[Exercise details]:
Restate word for word the opening line of the data below and every line after it until the line with "Indvendigt i kufferten", that line too, but not the pictures.

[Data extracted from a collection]
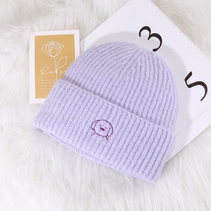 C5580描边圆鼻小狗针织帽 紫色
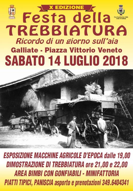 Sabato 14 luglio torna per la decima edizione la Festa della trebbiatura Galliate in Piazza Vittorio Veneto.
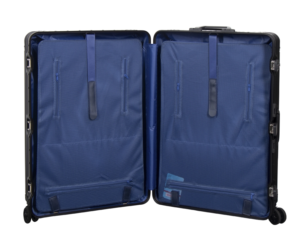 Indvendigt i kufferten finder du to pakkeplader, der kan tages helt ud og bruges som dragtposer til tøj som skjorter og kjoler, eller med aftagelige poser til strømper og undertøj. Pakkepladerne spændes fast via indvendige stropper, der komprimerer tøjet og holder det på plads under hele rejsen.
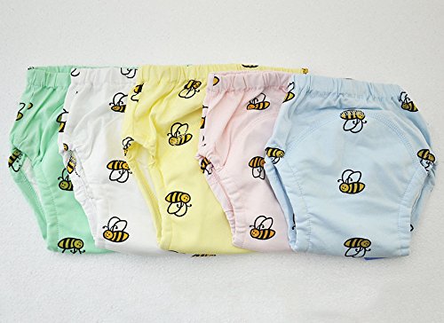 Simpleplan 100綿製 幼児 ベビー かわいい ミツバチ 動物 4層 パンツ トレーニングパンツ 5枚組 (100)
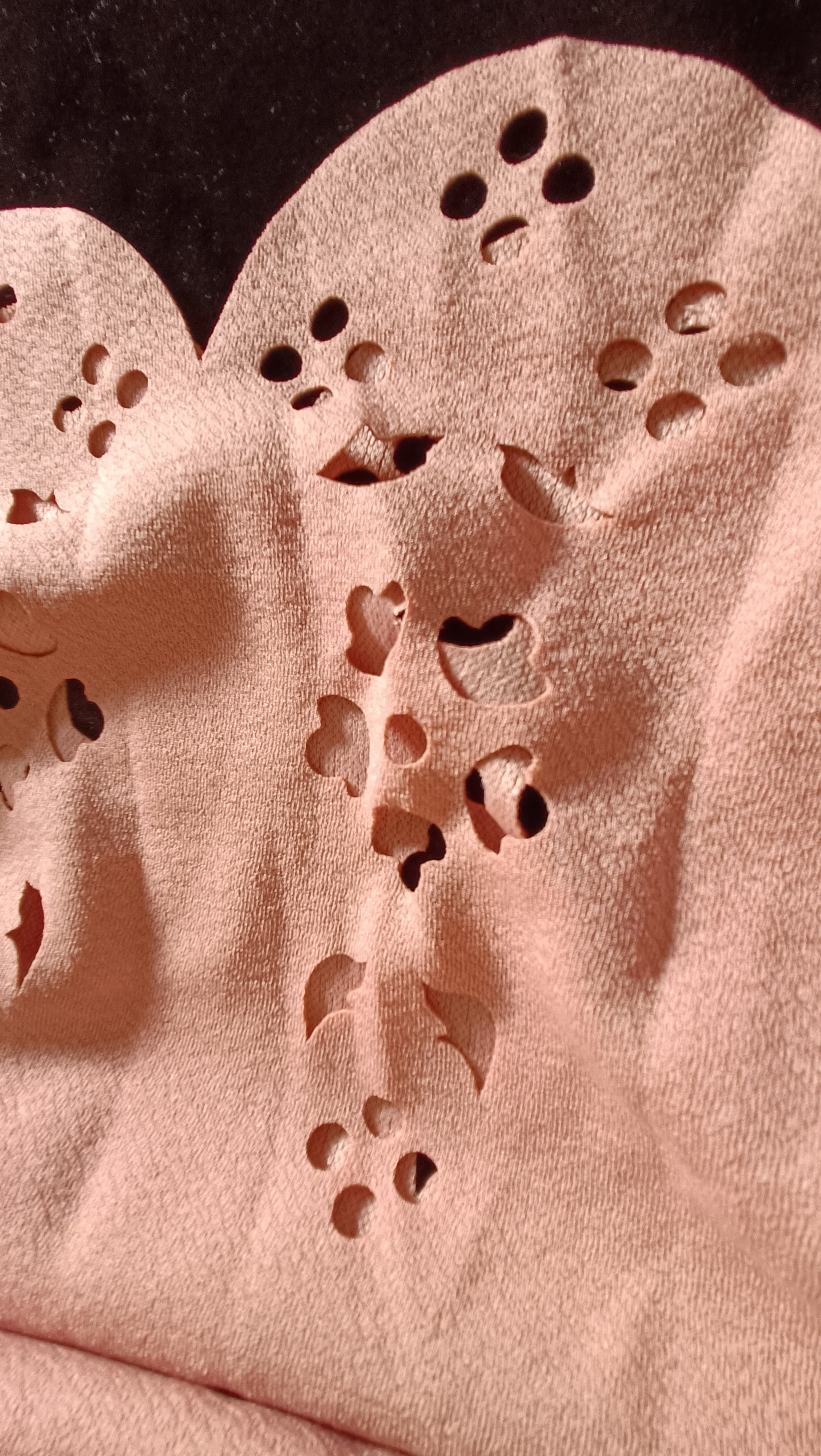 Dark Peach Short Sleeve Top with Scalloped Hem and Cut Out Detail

[Exercise response]:
 C5580描边圆鼻小狗针织帽 紫色
 Sabato 14 luglio torna per la decima edizione la Festa della trebbiatura Galliate in Piazza Vittorio Veneto.
 Indvendigt i kufferten finder du to pakkeplader, der kan tages helt ud og bruges som dragtposer til tøj som skjorter og kjoler, eller med aftagelige poser til strømper og undertøj. Pakkepladerne spændes fast via indvendige stropper, der komprimerer tøjet og holder det på plads under hele rejsen.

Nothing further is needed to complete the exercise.